My wife works as a nanny and hasn't seen a payrise in nearly 3 years, despite having more responsibility. I want her out of that world but I can't get her out because I simply don't have the money. It kills me to see her work through illness and back pain because I can't help her financially. I don't know how we're not making ends meet earning around £37,500 pa total, we're just not. We've both had private treatment for back problems, she needed to learn how to drive to keep her job and those things just wipe out any money we would have otherwise saved.
I've tried to take the bull by the horns. I was under-qualified to be a software tester at another company so I got a book and passed the ISEB foundation in software testing. Then the goalposts moved and they want certain experience. I'm a manual tester, I cannot expand my job to be an automated tester but everybody wants automated testers and I simply don't have the experience. No matter what I do, they move the goalposts and sitting the intermediate level won't help. It's as though I'm on a career ladder where the next rung is holographic. I can't afford formal training courses and my employer won't pony up a penny. I'm fucked from that perspective.
Recruitment consultants, when they contact me, just waste my time. I apply for 20 jobs per week and get nothing back. On the rare occasions I do get a call, or rarer still an interview, they tell me I should be earning £8,000-£10,000 more per year, which would sort out many problems. But they never get me anything. I think I could do a better job than these jokers. Do you think anybody would hire me to be a recruiter? Of course not. No sales experience.

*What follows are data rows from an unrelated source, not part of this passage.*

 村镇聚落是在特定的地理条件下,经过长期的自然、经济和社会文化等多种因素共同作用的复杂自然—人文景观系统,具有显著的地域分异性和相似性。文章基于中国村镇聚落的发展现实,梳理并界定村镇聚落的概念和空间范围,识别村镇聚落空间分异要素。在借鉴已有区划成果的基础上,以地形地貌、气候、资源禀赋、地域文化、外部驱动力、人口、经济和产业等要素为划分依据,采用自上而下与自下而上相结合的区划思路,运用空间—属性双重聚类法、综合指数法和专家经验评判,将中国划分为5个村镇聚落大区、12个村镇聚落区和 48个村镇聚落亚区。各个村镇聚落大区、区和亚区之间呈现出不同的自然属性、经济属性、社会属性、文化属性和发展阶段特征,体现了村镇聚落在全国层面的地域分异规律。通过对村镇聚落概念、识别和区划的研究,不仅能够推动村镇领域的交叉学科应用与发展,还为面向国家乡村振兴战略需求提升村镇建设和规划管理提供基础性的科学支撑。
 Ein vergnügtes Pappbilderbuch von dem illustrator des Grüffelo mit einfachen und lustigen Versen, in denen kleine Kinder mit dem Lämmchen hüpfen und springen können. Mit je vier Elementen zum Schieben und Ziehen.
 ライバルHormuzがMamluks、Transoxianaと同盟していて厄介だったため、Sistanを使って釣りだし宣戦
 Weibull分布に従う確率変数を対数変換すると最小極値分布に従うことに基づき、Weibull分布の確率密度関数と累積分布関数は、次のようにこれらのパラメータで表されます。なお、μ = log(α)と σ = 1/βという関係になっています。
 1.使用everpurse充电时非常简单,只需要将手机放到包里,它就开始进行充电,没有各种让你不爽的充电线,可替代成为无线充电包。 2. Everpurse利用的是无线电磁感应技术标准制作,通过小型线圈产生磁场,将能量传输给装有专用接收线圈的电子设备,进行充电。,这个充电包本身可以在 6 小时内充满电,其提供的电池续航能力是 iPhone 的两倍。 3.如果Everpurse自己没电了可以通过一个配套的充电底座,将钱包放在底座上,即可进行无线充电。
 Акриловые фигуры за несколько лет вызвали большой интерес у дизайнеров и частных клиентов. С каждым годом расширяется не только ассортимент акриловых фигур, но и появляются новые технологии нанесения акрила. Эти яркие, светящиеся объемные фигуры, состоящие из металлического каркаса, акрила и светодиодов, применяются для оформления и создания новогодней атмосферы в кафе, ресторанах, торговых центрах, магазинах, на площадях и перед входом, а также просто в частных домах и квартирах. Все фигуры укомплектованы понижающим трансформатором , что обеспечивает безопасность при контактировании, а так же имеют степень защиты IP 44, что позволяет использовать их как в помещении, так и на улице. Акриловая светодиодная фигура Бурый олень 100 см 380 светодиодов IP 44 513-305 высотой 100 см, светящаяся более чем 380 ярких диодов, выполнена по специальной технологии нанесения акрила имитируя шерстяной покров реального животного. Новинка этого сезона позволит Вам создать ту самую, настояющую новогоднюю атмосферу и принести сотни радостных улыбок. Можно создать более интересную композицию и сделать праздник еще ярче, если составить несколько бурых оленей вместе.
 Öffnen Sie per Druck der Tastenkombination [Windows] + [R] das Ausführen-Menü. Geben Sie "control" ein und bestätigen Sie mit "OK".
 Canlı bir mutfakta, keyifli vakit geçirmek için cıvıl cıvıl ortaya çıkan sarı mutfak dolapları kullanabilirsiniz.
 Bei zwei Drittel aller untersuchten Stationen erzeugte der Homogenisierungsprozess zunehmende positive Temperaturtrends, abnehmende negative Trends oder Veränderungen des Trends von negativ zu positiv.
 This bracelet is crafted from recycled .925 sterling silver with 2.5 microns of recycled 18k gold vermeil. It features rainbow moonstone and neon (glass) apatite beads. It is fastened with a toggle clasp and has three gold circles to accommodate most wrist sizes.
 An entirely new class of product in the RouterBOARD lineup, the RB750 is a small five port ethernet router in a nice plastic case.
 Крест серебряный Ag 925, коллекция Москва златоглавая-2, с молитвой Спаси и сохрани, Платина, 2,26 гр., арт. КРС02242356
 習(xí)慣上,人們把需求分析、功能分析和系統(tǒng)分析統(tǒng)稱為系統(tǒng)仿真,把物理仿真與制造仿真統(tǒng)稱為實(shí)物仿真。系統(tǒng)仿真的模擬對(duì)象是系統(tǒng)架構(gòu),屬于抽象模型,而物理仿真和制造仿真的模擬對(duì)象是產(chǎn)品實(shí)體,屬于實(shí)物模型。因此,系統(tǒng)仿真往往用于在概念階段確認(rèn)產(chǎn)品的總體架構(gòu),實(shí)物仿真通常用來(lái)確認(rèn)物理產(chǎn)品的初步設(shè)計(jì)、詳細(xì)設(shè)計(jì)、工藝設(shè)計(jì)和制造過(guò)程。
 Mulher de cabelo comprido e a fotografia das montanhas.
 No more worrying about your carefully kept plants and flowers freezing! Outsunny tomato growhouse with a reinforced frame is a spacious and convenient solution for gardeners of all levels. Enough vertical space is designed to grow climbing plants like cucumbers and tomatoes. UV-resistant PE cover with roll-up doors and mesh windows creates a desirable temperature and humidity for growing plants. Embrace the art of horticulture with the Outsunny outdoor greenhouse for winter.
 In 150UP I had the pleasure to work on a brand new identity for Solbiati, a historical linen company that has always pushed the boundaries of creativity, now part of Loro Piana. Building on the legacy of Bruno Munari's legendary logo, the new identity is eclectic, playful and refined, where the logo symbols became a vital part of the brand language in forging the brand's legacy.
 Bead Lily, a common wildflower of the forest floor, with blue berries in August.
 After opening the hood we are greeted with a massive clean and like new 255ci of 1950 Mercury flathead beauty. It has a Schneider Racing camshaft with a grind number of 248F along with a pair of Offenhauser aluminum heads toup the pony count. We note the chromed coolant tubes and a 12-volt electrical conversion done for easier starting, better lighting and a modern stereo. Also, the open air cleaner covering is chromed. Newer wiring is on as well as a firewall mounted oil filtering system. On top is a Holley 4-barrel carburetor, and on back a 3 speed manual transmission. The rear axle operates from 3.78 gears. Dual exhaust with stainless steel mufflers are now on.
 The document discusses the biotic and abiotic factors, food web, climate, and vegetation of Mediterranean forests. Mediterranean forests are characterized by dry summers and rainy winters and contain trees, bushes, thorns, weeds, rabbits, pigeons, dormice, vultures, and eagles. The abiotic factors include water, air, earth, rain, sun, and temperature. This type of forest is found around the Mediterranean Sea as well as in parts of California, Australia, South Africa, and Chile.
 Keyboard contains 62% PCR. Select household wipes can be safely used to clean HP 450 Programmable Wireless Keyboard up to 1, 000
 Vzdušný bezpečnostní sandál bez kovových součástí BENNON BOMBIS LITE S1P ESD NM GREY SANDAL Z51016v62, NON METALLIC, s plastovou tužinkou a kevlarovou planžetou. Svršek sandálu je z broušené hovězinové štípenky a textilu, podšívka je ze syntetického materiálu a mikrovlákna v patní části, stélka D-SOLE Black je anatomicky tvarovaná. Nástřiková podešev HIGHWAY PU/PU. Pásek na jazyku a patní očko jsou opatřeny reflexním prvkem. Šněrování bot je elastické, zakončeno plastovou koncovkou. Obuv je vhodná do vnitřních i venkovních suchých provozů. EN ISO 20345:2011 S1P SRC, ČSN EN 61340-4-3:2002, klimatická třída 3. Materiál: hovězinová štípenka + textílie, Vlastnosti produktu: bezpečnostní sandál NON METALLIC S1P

I'm thoroughly bored of my job and want to leave. I've been doing some sports journalism for about 9 months for a friend but without qualifications, which I can't afford, I can't get a proper journalism job, which would pay worse and increase my financial problems. Sports reporter jobs are rarer than rocking horse **** anyway so while it's something I'd love to do, I can't see how it would happen. I can't start my own business, I have no idea where to start nor the capital and, besides, the business advice service in the UK was gutted under the government's austerity measures.
I don't know where to go with my life and I don't know who to turn to. Please help me.